Probabile motivo, pure questo, di eresia agli occhi della società medievale maschilista del tempo, è la figura di Berta, soggetto di spicco nella società monfortese, catturata e portata a Milano insieme agli altri prigionieri. Ma chi era? Landolfo Seniore definisce Berta, come la comittissa [derivato di comes-mĭtis (conte), quindi moglie del conte, (contessa)]. Pare fosse la vedova del conte Gerardo di Calliano e la madre di quel Gerardo (guida spirituale degli eretici), che, nel racconto di Landolfo Seniore, fu interrogato a Torino dall’arcivescovo Ariberto. E’ molto probabile che fosse lei, in virtù del suo lignaggio nobiliare, la guida politica della comunità monfortese, cosa questa che giustificherebbe anche i reiterati tentativi del Vescovo di convertirla, riconoscendole così un ruolo preminente su quella comunità. Era chiaro che se fosse riuscito nell’intento, lei avrebbe avuto buon gioco nel convincere la sua gente a desistere dalle loro convinzioni. Non si sa se, data la sua posizione, sia stata graziata o abbia preferito gettarsi nel rogo insieme agli altri.

Perché quella brutale condanna a morte?

Pare che il clero locale abbia tentato di convincerli a ritrattare il loro credo, per cercare di riportarli in seno alla Chiesa. Quindi questo escluderebbe l’intenzione di sterminarli a priori.
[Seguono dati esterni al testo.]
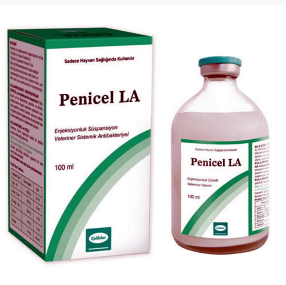 BİLEŞİMİ Penicel LA Enjeksiyonluk süspansiyon ml’de; 100.000 IU Prokain Penisilin G, 100.000 IU Benzatin penisilin G ile 250 mg Dihidrostreptomisin sülfat içerir. ENDİKASYONLAR PENİCEL LA enjeksiyonluk süspansiyon, sığır, koyun, at ve köpeklerde; penisilin ve streptomisine duyarlı bakteriler tarafından meydana getirilen sindirim sistemi, solunum sistemi, ürogenital sistem enfeksiyonları ile sekonder bakteriyel enfeksiyonların tedavisinde kullanılır. KULLANIM ŞEKLİ VE DOZU Veteriner hekim tarafından başka şekilde tavsiye edilmediği takdirde; Farmakolojik doz: Tüm hedef hayvanlar için; Penisilin: 10.000 IU/kg c.a. , Dihidrostreptomisin: 10 mg/kg c.a. Pratik doz: Kas içi (i.m.) yolla tüm hedef türler için 20 kg canlı ağırlık / 1ml’dir.

D’altra parte, non essendo reclusi ma liberi di muoversi, i monfortesi, avendo occasione di vedere e scambiare due chiacchiere con i locali che erano venuti a conoscerli, cominciarono a parlare con loro e a diffondere le loro convinzioni, cosa questa che fece particolare presa fra i contadini dei sobborghi della città lombarda. Annota, a questo proposito, Landolfo il Vecchio: “Questi nefandissimi, che non si sapeva neppure da qual parte del mondo fossero calati in Italia, ogni giorno privatamente seminavano falsi insegnamenti derivati da fallaci interpretazioni delle sante scritture ai contadini che in Milano erano convenuti per vederli e conoscerli”.
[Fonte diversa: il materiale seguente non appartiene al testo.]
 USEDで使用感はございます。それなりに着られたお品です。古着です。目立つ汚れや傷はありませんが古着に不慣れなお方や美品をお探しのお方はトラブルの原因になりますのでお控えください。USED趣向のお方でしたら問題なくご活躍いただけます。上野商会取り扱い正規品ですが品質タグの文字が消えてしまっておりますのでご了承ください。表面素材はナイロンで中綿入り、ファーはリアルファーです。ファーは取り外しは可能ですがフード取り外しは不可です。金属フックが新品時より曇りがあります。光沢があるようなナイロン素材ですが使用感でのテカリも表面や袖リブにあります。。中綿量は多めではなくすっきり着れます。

Non è escluso che la comunità langarola non fosse assimilata nell’XI secolo al resto degli italici ed avesse elaborato una visione del cristianesimo tutta sua. Non ci sarebbe nemmeno troppo da stupirsene. Quella comunità era un misto di razze, perché quella zona era stata invasa, a suo tempo, dai Visigoti, poi dai Goti, quindi dai Longobardi ed infine dai Franchi che si eran succeduti fino al IX e X secolo. Erano quindi inizialmente pagani, poi convertiti al cristianesimo.
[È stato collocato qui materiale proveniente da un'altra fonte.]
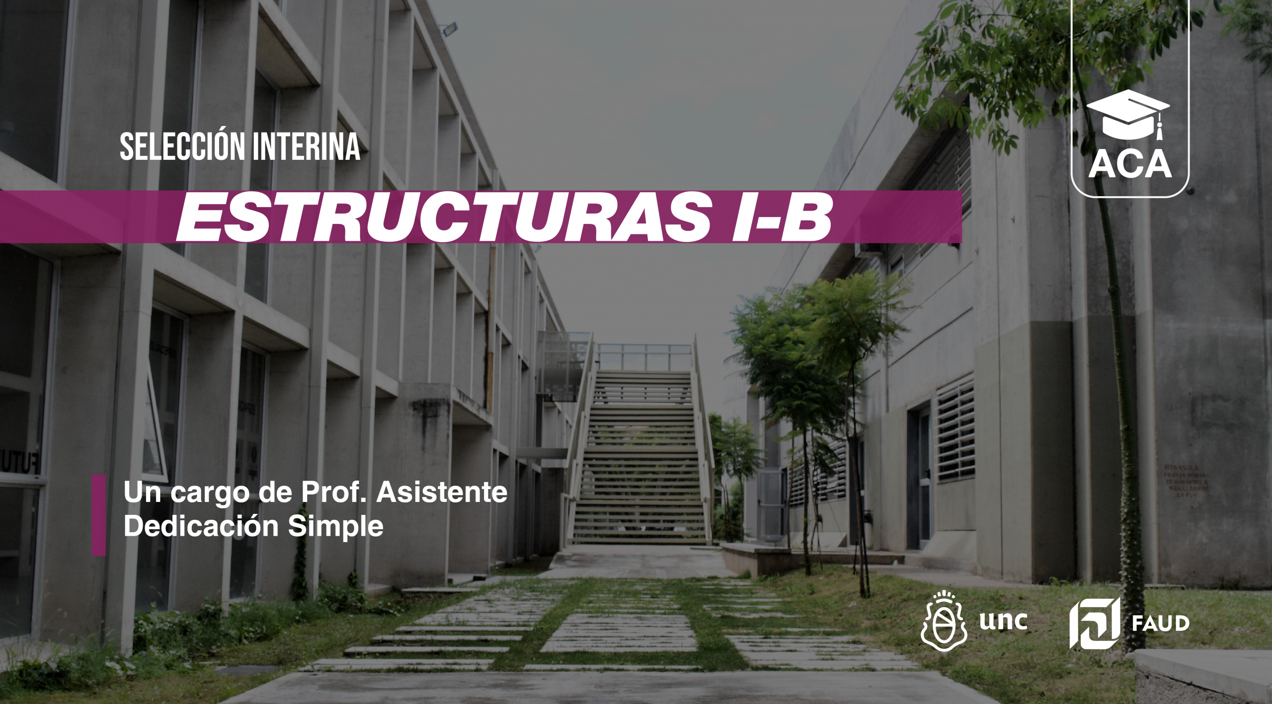La Secretaría Académica informa que se encuentra abierta la convocatoria para la selección interina de un cargo de PROFESOR/A ASISTENTE D.Simple para la cátedra de ESTRUCTURAS I-B de la carrera de Arquitectura.

Situazione questa, ritenuta intollerabile, che irritò fortemente soprattutto i maggiorenti laici (i cosiddetti capitanei, principali vassalli episcopali). Questi, “Heriberto nolente”, cioè contro la volontà di Ariberto, decisero di farla finita con questa gente: fecero collocare una immensa croce lì dove oggi c’è piazza Tricolore, area che naturalmente allora era aperta campagna, ed una enorme pira poco oltre.

Piazza Tricolore (oggi)

Costrinsero tutti i prigionieri ad una scelta drammatica: o abbracciare la croce, abiurando così il proprio credo (e confermando in tal modo di tornare al cristianesimo ortodosso) oppure proseguire oltre quella croce ed immolarsi direttamente sul rogo. Alcuni (davvero pochi) scelsero la croce (accettando quindi la conversione), ma la maggior parte, coerente con le proprie idee, si gettò fra le fiamme.

Conclusione

L’episodio ci mostra un vescovo contrario all’uso delle maniere forti ed anche poco incline alla violenza, ma nello stesso tempo, incapace di contrapporre la propria volontà a quella dei laici, in decisioni di questa portata, quindi comunque è da ritenersi colpevole (essendo lui il capo sia temporale che spirituale).
In questo caso, sembra che il potere secolare abbia avuto il sopravvento su quello spirituale; quasi una testimonianza della volontà d’indipendenza del potere laico da quello ecclesiastico, con un atto che paradossalmente appare essere il frutto di un atteggiamento fanatico. Molto probabilmente, questo episodio di persecuzione eretica va spiegato con esigenze di controllo sociale. I maggiorenti laici locali, più che la corruzione dello spirito di questa gente (cui francamente erano poco interessati), temevano le devastanti conseguenze sociali della predicazione di una setta che, praticando, fra le altra cose, la comunione dei beni fra tutti, cominciava ad affascinare pericolosamente i contadini, ed avrebbe quindi sicuramente generato disordini in città.